**PROBLEM**
Starting at the line below with "Bol a ramen" and stopping at the line with "比赛当晚,合肥骆岗公园东谈主", please print each line exactly, those two included, and skip every picture.

**EXERCISE DATA**
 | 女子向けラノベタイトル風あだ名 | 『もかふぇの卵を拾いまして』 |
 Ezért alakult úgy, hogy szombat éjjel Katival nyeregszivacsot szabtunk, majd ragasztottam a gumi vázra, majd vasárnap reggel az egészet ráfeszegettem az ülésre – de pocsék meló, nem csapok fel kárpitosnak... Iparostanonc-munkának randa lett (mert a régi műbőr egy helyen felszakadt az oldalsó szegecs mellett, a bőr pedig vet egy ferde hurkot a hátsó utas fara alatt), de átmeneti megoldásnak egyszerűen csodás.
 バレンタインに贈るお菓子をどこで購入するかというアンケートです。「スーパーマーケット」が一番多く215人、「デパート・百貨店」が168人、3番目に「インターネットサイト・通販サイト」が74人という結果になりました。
--
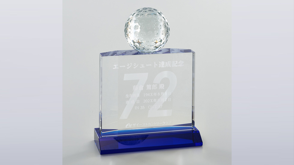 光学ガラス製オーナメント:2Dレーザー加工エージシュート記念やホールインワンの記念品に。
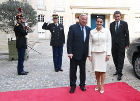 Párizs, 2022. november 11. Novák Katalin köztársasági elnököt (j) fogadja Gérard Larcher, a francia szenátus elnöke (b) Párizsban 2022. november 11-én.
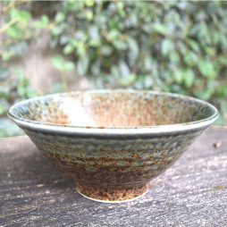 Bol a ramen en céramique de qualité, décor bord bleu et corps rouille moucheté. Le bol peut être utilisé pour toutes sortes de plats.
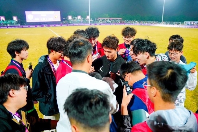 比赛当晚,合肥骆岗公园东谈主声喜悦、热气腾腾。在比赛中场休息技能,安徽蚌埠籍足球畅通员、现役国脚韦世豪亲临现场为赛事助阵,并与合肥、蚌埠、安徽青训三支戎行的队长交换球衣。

**WRITTEN ANSWER**
 Bol a ramen en céramique de qualité, décor bord bleu et corps rouille moucheté. Le bol peut être utilisé pour toutes sortes de plats.
 比赛当晚,合肥骆岗公园东谈主声喜悦、热气腾腾。在比赛中场休息技能,安徽蚌埠籍足球畅通员、现役国脚韦世豪亲临现场为赛事助阵,并与合肥、蚌埠、安徽青训三支戎行的队长交换球衣。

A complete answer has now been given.